→ **What is being asked**
Repeat, exactly as written, all of the entries, but not their pictures.

════════════════

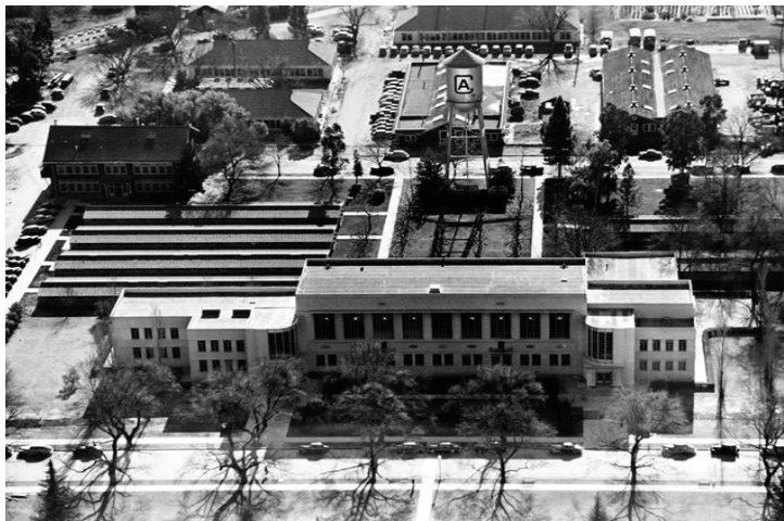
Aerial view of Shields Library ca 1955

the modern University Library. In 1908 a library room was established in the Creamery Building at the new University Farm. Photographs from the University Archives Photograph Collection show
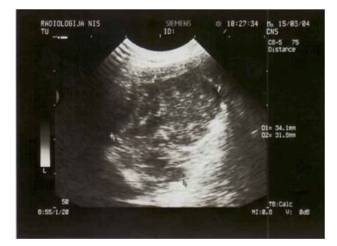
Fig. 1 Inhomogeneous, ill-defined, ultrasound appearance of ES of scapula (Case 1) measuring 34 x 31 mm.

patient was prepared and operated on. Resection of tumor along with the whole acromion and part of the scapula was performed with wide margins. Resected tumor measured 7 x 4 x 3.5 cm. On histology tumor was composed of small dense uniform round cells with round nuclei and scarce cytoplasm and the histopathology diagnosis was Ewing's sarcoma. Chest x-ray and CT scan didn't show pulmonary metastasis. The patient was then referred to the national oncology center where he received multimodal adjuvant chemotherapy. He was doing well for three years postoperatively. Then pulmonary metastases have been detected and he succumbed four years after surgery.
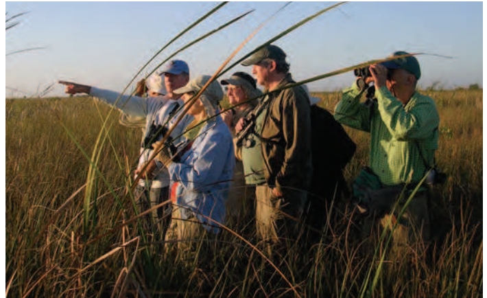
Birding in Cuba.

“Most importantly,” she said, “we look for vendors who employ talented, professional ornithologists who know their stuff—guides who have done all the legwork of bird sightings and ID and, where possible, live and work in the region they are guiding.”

════════════════

→ **Response box**
Aerial view of Shields Library ca 1955

the modern University Library. In 1908 a library room was established in the Creamery Building at the new University Farm. Photographs from the University Archives Photograph Collection show
Fig. 1 Inhomogeneous, ill-defined, ultrasound appearance of ES of scapula (Case 1) measuring 34 x 31 mm.

patient was prepared and operated on. Resection of tumor along with the whole acromion and part of the scapula was performed with wide margins. Resected tumor measured 7 x 4 x 3.5 cm. On histology tumor was composed of small dense uniform round cells with round nuclei and scarce cytoplasm and the histopathology diagnosis was Ewing's sarcoma. Chest x-ray and CT scan didn't show pulmonary metastasis. The patient was then referred to the national oncology center where he received multimodal adjuvant chemotherapy. He was doing well for three years postoperatively. Then pulmonary metastases have been detected and he succumbed four years after surgery.
Birding in Cuba.

“Most importantly,” she said, “we look for vendors who employ talented, professional ornithologists who know their stuff—guides who have done all the legwork of bird sightings and ID and, where possible, live and work in the region they are guiding.”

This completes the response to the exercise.